A mechanism for heat transfer in a Votator-type scraped-surface heat exchanger

Abstract

The mechanism for heat transfer in a SSHE consists of three steps, viz.: • Penetration of heat by conduction in a thin layer close to the heat transfer surface in the time between two scrapings. • Partial temperature equalization in the boundary layer that builds up on the scraper blade. • Convective radial transport from the cooled layer to the bulk of the liquid. Taylor vortices contribute to this radial transport. Heat transfer measurements were conducted under various conditions. The heat transfer coefficient can be described by means of an equation resulting from penetration theory, modified by an empirically determined correction factor ϕ. In ϕ are included: • The incompleteness of the temperature equalization in the boundary layer. • The effect of radial dispersion. • The decrease in driving force for heat transfer due to axial dispersion. When the influence of the axial dispersion on heat transfer is absent (high mass flow rates), ϕ is a function of Pr.
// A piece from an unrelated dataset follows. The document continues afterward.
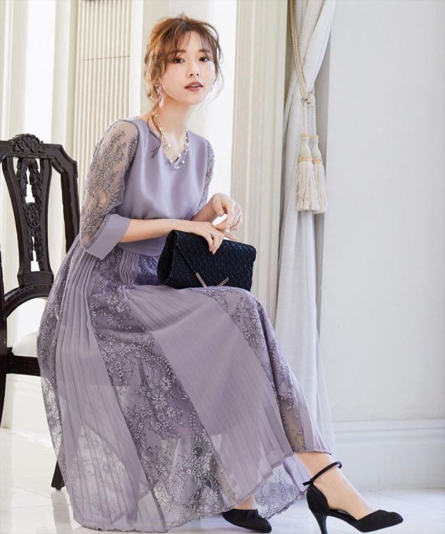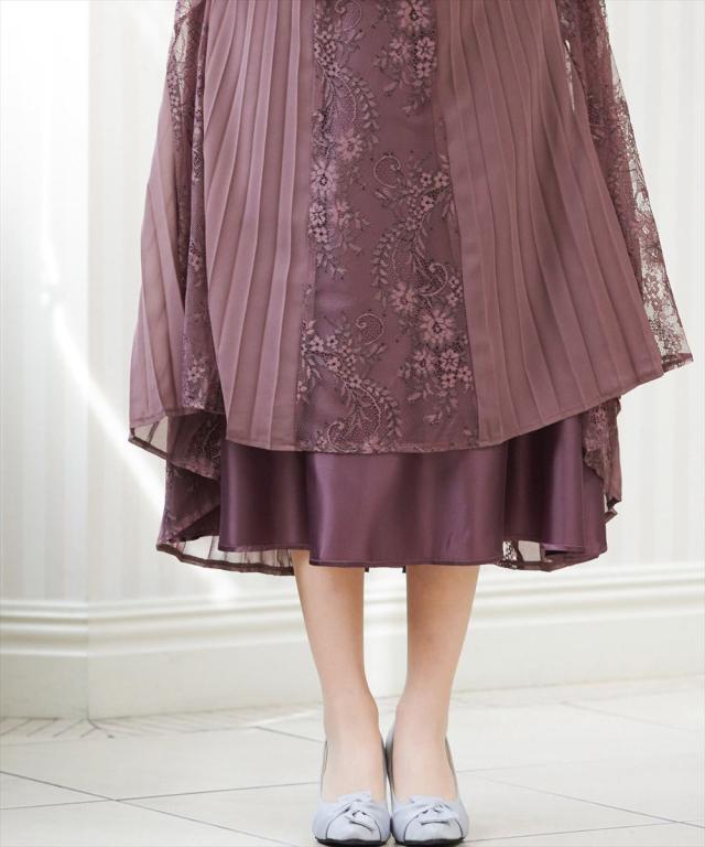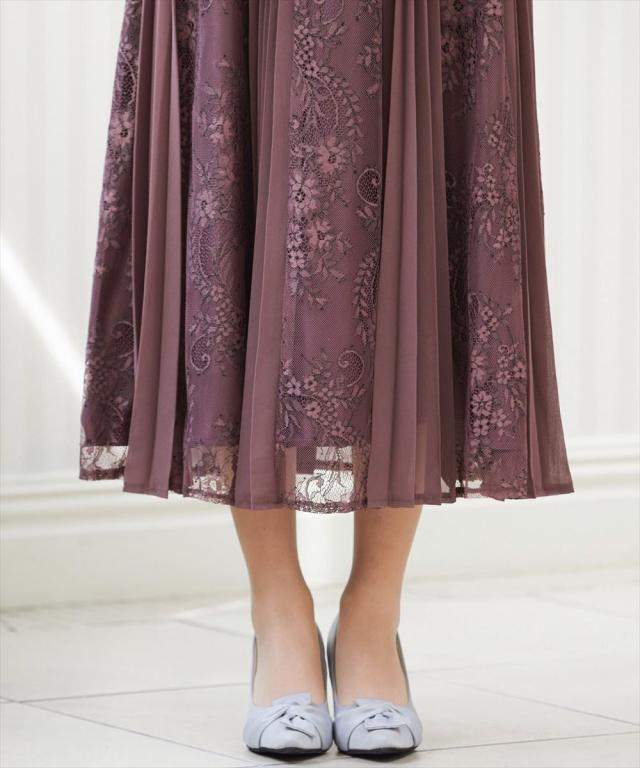 レースとプリーツをミックスさせたロングスカートが動くたびに揺れ、エレガントな余韻を残す。

If Taylor vortices are present, the value of ϕ is independent of Re R . Below the critical Reynolds number ϕ decreases due to insufficient radial mixing. At low mass flow rates the influence of the axial dispersion on the driving force for heat transfer is important. The apparent decrease in heat transfer coefficient due to this effect can be calculated. To do so, the plug flow with dispersion model is applied in which the axial dispersion coefficient is calculated from the standard deviation of the residence time distribution curve.